▶ **WHAT TO PRODUCE**: Every line from the one holding "po celodenním nošení." through the one holding "狮子山 李铁夫 纸本水彩 38.4cm×58.7cm 1933年 广州美术学院美术馆藏" in the data below must be returned exactly, both ends included, with pictures left out and nothing else added.

▶ **MATERIAL FOR THIS TASK**:

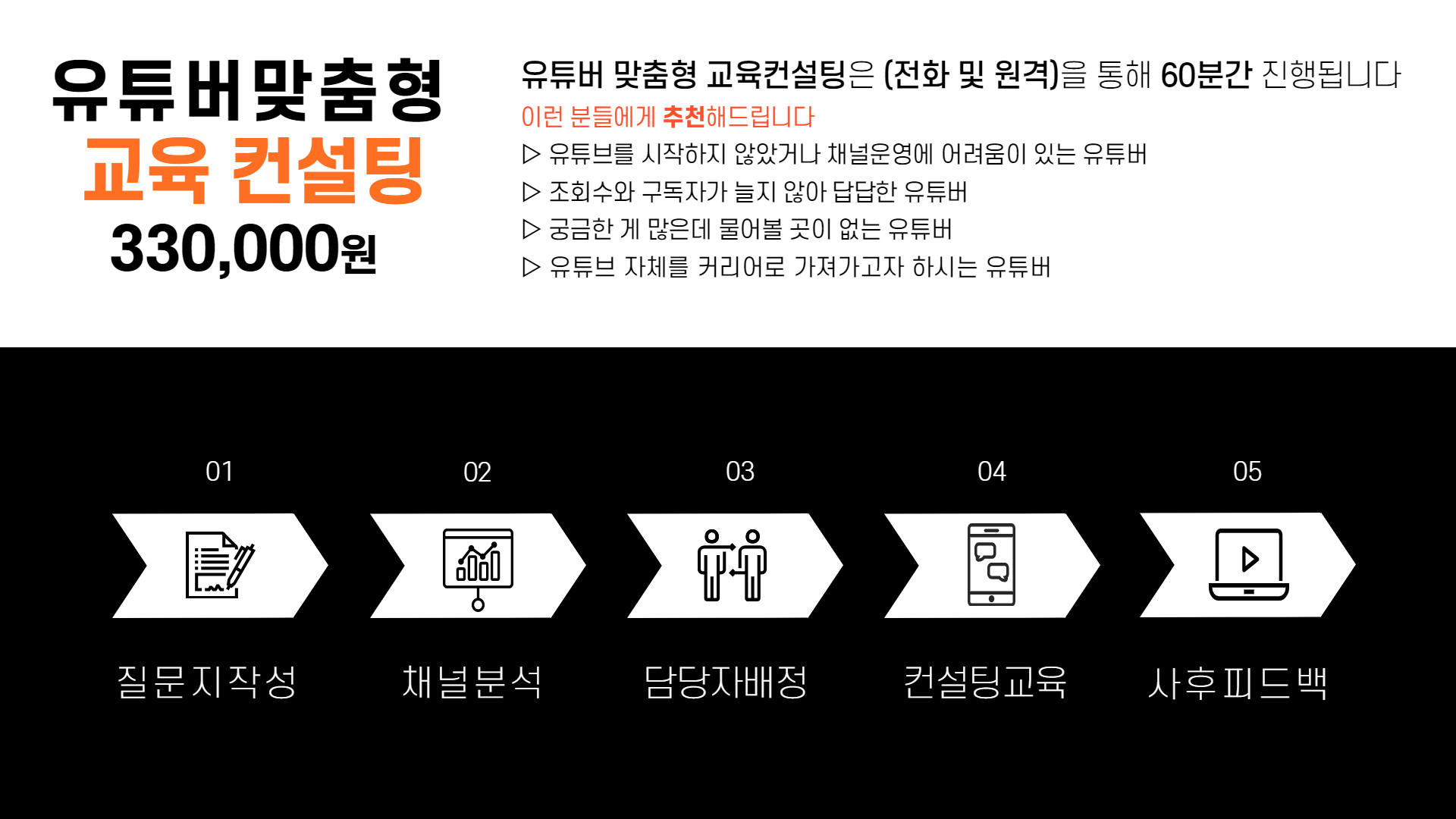 본 서비스는 유튜브 교육인증 전문가가 책임관리제로 운영하고 있는 컨설팅프로그램입니다.
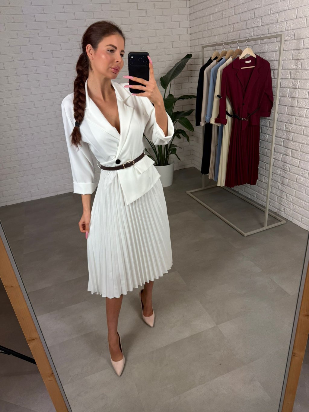 Šaty MONY jsou elegantní a nadčasový kousek, který krásně zvýrazní ženskou siluetu a zároveň poskytne pohodlí během celého dne. Áčkový střih lichotí zejména postavám s výraznější spodní částí těla, takže přirozeně zakryje boky, stehna či zadeček a vytvoří pěknou vyváženou siluetu. Šaty MONY jsou elegantní a nadčasový kousek, který krásně zvýrazní ženskou siluetu a zároveň poskytne pohodlí během celého dne. Áčkový střih lichotí zejména postavám s výraznější spodní částí těla, takže přirozeně zakryje boky, stehna či zadeček a vytvoří pěknou vyváženou siluetu. Plisovaná sukně z kvalitního italského materiálu dodává šatům elegantní pohyb a působí velmi žensky. Materiál je příjemný na dotek, drží si tvar a vůbec se nemačká, takže šaty vypadají upraveně i po celodenním nošení.
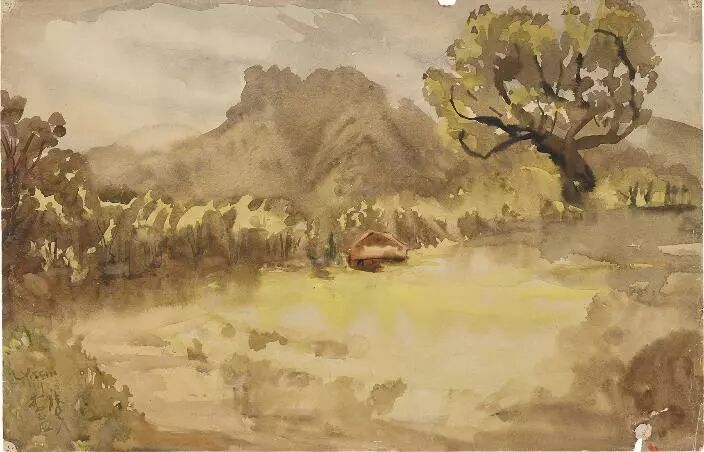 狮子山 李铁夫 纸本水彩 38.4cm×58.7cm 1933年 广州美术学院美术馆藏
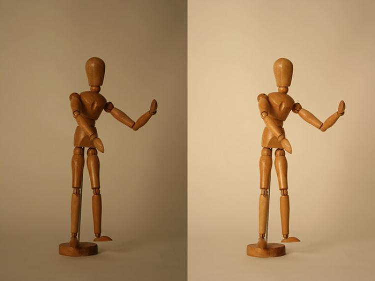 Die Brennweite, mit der fotografiert wird, hat ebenfalls einen großen Einfluss auf die Ausdehnung der Schärfentiefezone. In unserer einfachen Form der Produktfotografie kann man grundsätzlich mit allen Brennweiten arbeiten, man muss aber wissen, dass eine Weitwinkel-Optik das Motiv anders abbildet als ein Normal- oder Teleobjektiv. In der praktischen Arbeit greift man oft auf die Weitwinkel-Einstellung zurück, z. B. um das Objekt vollständig auf das Bild zu bekommen. Man erzielt auf diese Weise auch die größtmögliche Schärfentiefe. Aber gerade das Weitwinkel verzerrt das Motiv am stärksten. Wägen Sie also ab, ob Sie diese Verzerrung in Kauf nehmen wollen und können. Günstiger wäre es, mit einer Normal- oder leichten Tele-Optik zu arbeiten (50-80 mm), damit das Objekt so naturgetreu wie möglich abgebildet werden kann. Dazu müssen Sie aus einer größeren Entfernung arbeiten; das wiederum bewirkt, dass Sie mehr Platz und möglicherweise auch einen größeren Hintergrundkarton benötigen.
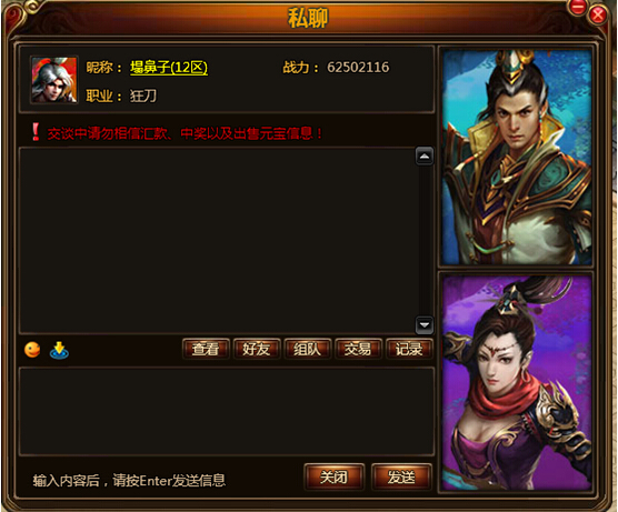 队伍频道:有队伍的玩家才有的频道,同一队伍的全部玩家都能收发信息。
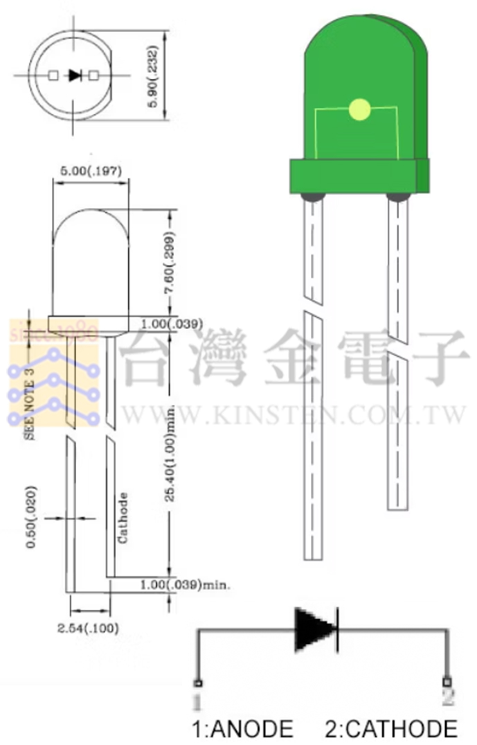 品名:LED 5mm 綠光 16°直視角 綠色膠面
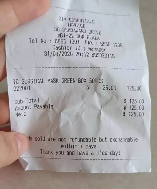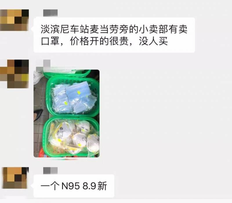 看见一个N95口罩卖到8.9新币/个。
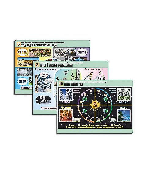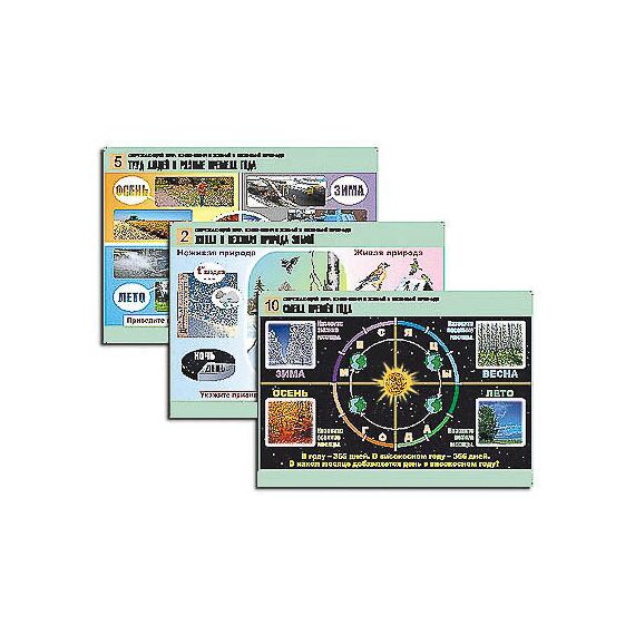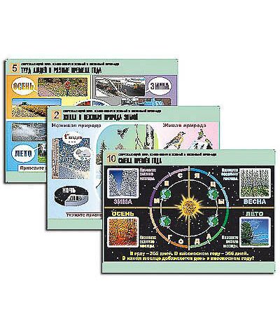 Таблицы: 1. Живая и неживая природа осенью. 2. Живая и неживая природа зимой. 3. Живая и неживая природа весной. 4. Живая и неживая природа летом. 5. Труд людей в разные времена года. 6. Вода и ее свойства. 7. Воздух и его свойства. 8. Минералы, горные породы, полезные ископаемые. 9. Смена дня и ночи. 10. Смена времен года.
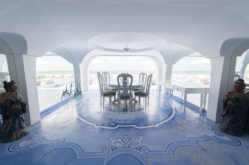 Santorini Penthouse has a palatial living area with majestic mandalas etched across the floors and curved white ceilings providing delicious refuge from the midday sun.
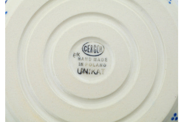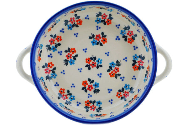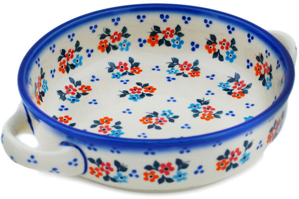 This Sweet Clusters 8" Round Baker with Handles was handmade and hand decorated in Boleslawiec, Poland by skilled artisans according to old traditional methods. This is a Polish pottery Signature Unikat, which means that it has been hand painted with both sponges and brushes and it is signed by the artist who painted it. Unikat pieces are the most intricate works of art. Larger Unikat items take hours of very careful work to finish. This Polish stoneware is microwave, dishwasher, freezer, and oven safe up to 480°F. It does not contain lead or cadmium. It is part of the Sweet Clusters Collection.
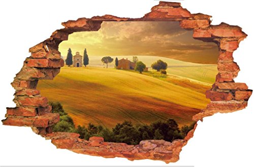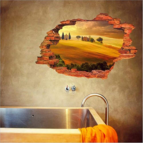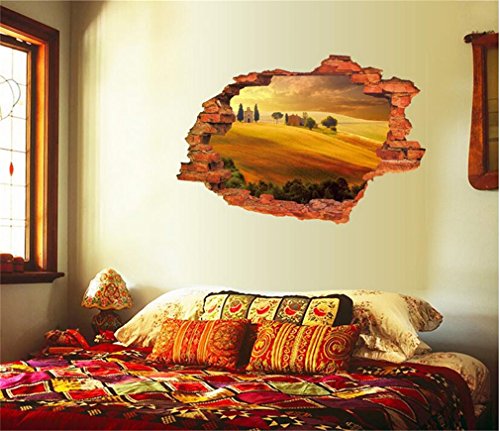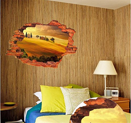 -. Title : 3D Fake Windows Wall Stickers Forest Bridge Lavender Desert Broken Wall Windows Landscape Pattern Decal Removable Vinyl Home Kids Nursery Room Decor Art Mural Wallpaper
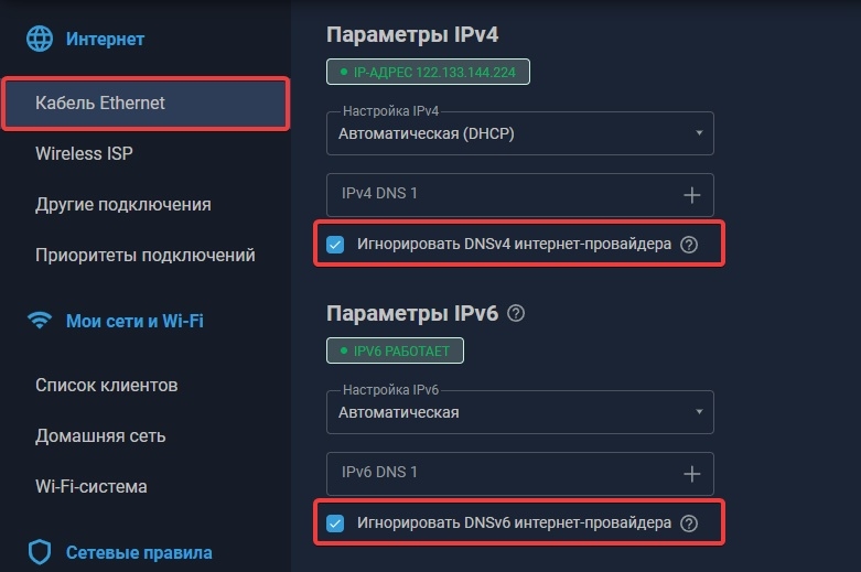 Установите флажок рядом с «Игнорировать DNSv4 интернет-провайдера» и «Игнорировать DNSv6 интернет-провайдера».
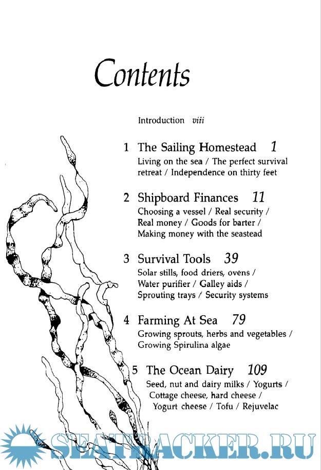 Description: Sets out to equip the sailor with the information needed to turn a boat into a survival retreat. Topics covered include - Gather and preparing edible seaweeds; Earning a living with your boat; Delicious no-fuel recipes; Survival tools; Long-term food storage; Vegetable gardening; Fully illustrated with diagrams and sketches.
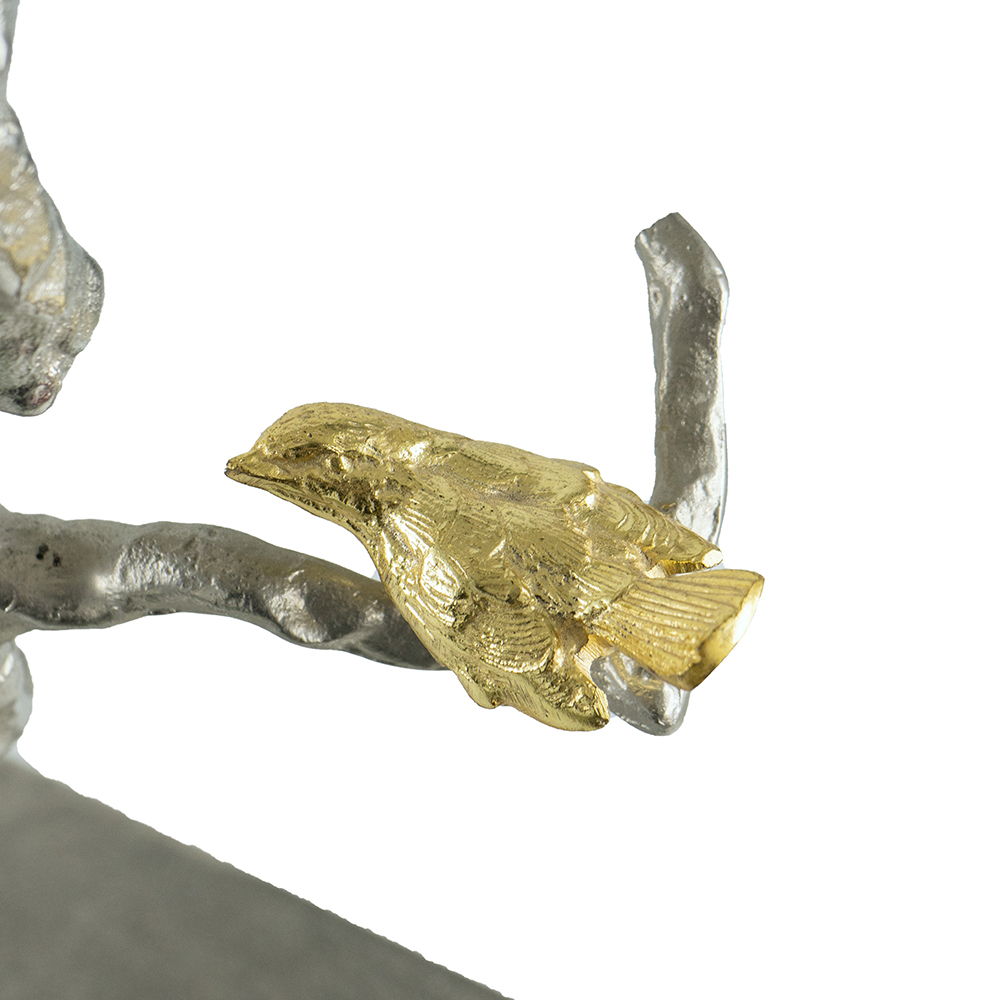 - Nature-Inspired Design: This wall sculpture features silver branches adorned with two golden birds, blending the serene beauty of nature with a contemporary flair.
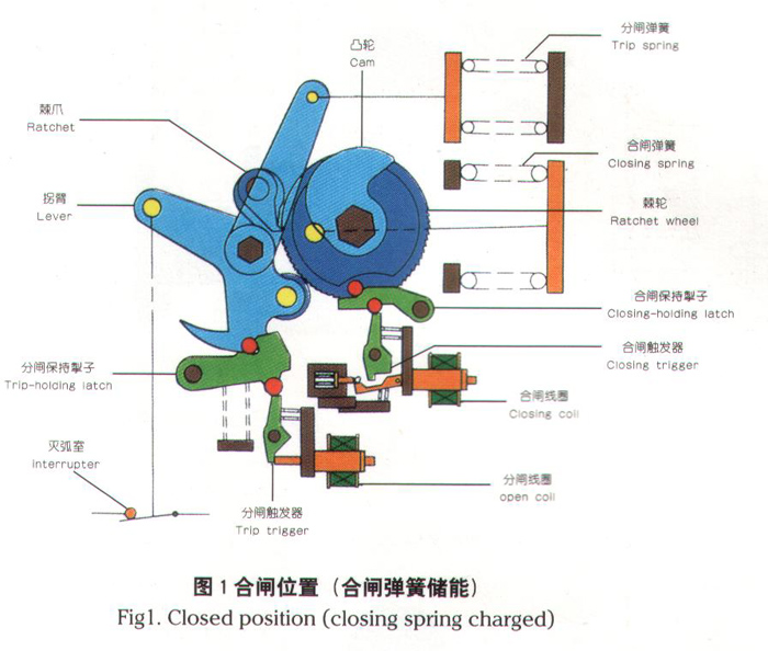 圖1所示狀態為開關處于合閘位置,合閘彈簧已儲能(同時分閘彈簧也已儲能完畢)。此時儲能的分閘彈簧使主拐臂受到偏向分閘位置的力,但在分閘觸發器和分閘保持掣子的作用下將其鎖住,開關保持在合閘位置。

▶ **YOUR RESPONSE**:
 Šaty MONY jsou elegantní a nadčasový kousek, který krásně zvýrazní ženskou siluetu a zároveň poskytne pohodlí během celého dne. Áčkový střih lichotí zejména postavám s výraznější spodní částí těla, takže přirozeně zakryje boky, stehna či zadeček a vytvoří pěknou vyváženou siluetu. Šaty MONY jsou elegantní a nadčasový kousek, který krásně zvýrazní ženskou siluetu a zároveň poskytne pohodlí během celého dne. Áčkový střih lichotí zejména postavám s výraznější spodní částí těla, takže přirozeně zakryje boky, stehna či zadeček a vytvoří pěknou vyváženou siluetu. Plisovaná sukně z kvalitního italského materiálu dodává šatům elegantní pohyb a působí velmi žensky. Materiál je příjemný na dotek, drží si tvar a vůbec se nemačká, takže šaty vypadají upraveně i po celodenním nošení.
 狮子山 李铁夫 纸本水彩 38.4cm×58.7cm 1933年 广州美术学院美术馆藏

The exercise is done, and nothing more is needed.